This slim novel (not quite a novella) begins with a bang – the Big Bang. In poetic, then humorous, then dazzling prose we are introduced to our world: vapours, water, mountains, lava, the oceans and so on until evolution occurs and the aardvark eventually enters.
Then to Republican congressman Alexander Paine Wilson who is not a likeable character. Arrogant, vain, self-serving and with zero self-awareness, we wish him ill right from the beginning. But what of his connection to the aardvark?
The world of the aardvark and the world of Alexander Paine Wilson collide, comedically and suddenly, when a stuffed aardvark is delivered to the congressman's door. It arrives with a card from Greg Tampico, Alexander's secret lover (Alexander is Not Gay). In a comedy of cataclysmic errors Alexander's day goes from admiring his Reagan-esque living quarters and wardrobe to his arrest and some seriously negative publicity.

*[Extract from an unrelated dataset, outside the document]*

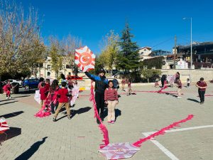 Nevşehir’in Göreme beldesinde, Cumhuriyet Bayramı’nın 102’nci yılı renkli görüntülerle kutlandı. Toplum Destekli Polislik Şube Müdürlüğü tarafından düzenlenen etkinlikte, çocuklar polislerle birlikte uçurtmalarını gökyüzüne bırakarak Cumhuriyet coşkusunu doyasıya yaşadı.
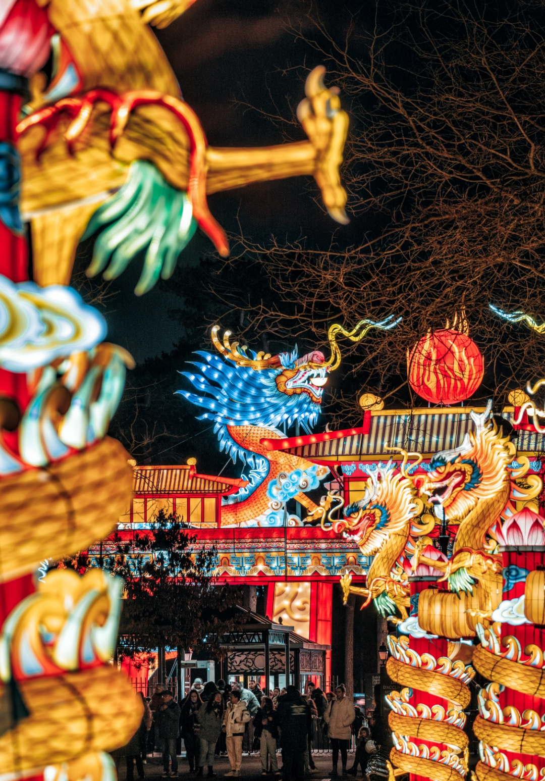 2023年12月15日起,来自中国上海豫园灯会的60架大型灯组和2000余盏华灯,落地法国“巴黎风情园”。主题为“山海有灵”的法国豫园灯会,以成书于2000多年前的中国古代百科全书《山海经》为母本,将精神健硕的龙马、扶摇万里的鲲鹏、呼风唤雨的应龙、气质优雅的白鹿等各种山海瑞兽融入60架灯组和2000余盏彩灯中,展示具有东方灵性的迎新祈福方式,向海外游客呈现了一个璀璨炫目的中国奇幻世界。

The story hangs together bizarrely and beautifully. It charts the aardvark's journey from snuffling happily in Africa to Victorian England where, in death, it meets celebrated taxidermist, Titus Downing of Leamington Spa. Downing is the trusted colleague and great friend of Sir Richard Ostlet, the naturalist who enters the aardvark into western knowledge and parlance. Downing's narrative sits neatly alongside that of Alexander, smart parallels being drawn between the two tales.
Enter the Aardvark narrates the sudden, ignominious downfall of an ambitious politician. It deals with secret love in heartbreaking detail. The pace of the narrative is breakneck, the turn of phrase at once lyrical, then jarringly colloquial, creating a reading experience that is captivatingly sharp. This book is a delight.